But in creative pursuits, I am at the whim of others who view my work. 

I can say this: the harshest reviewer of my own work has been me. I know I stopped projects before they gotten anywhere because I hated the quality. But what of the work I did finish and put out there? 

I have been the victim of just not enough money to market anything. Even the stuff with rave reviews will only get so far unless people know it’s out there.

I don’t keep anything on long enough to gather a fan base.

I don’t socialize enough to gather boundless ‘likes’.

Creative works and academic paths are two different animals and I see the whole school thing is just ‘easy’ provided you stay on it. 

Not easy to do in an actual school environment with all sorts of distractions. I probably wouldn’t have been doing as well as I am if I had to do this in a physical location. Looking at too much pussy guaranteed.

So how do I handle moving forward with my passions lying dormant?

I know, if I do anything, it can’t interfere with the existing path of the bachelors degree. Period. End of story.

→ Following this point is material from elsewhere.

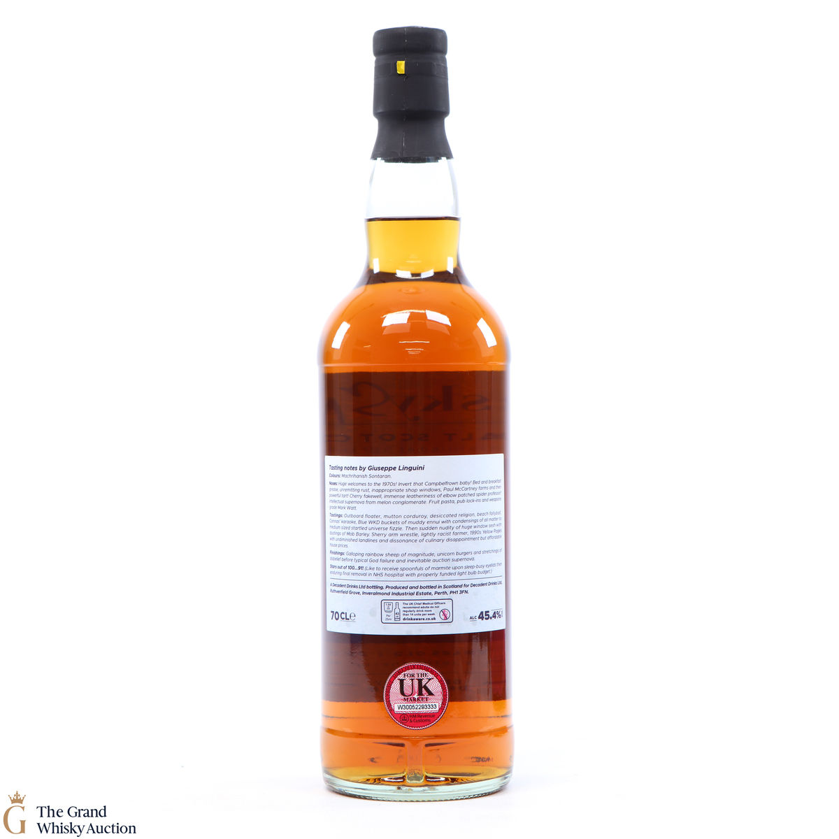 This special release is from the very quickly growing Decedent Drinks company. Their releases are always highly anticipated and no more so than this 25 Year Old refill Sherry hogshead that was distilled in 1994 and bottled in 2020. At the back of the bottle we have the tasting notes of the bottle by Giuseppe Linguini.

Call what I’m about to do — a stress-free hobby.

Progress Inch by Inch

February 4th, 2018

I’ve had a separate journal for this project I’ve been working on. Any further notes on that topic will be written there in a notebook I keep. I have to say, I’m doing well as I creep forward each day. Just wish I had more money behind this — but the education is invaluable as I am forced to look at each step I move with careful precision. Slowly.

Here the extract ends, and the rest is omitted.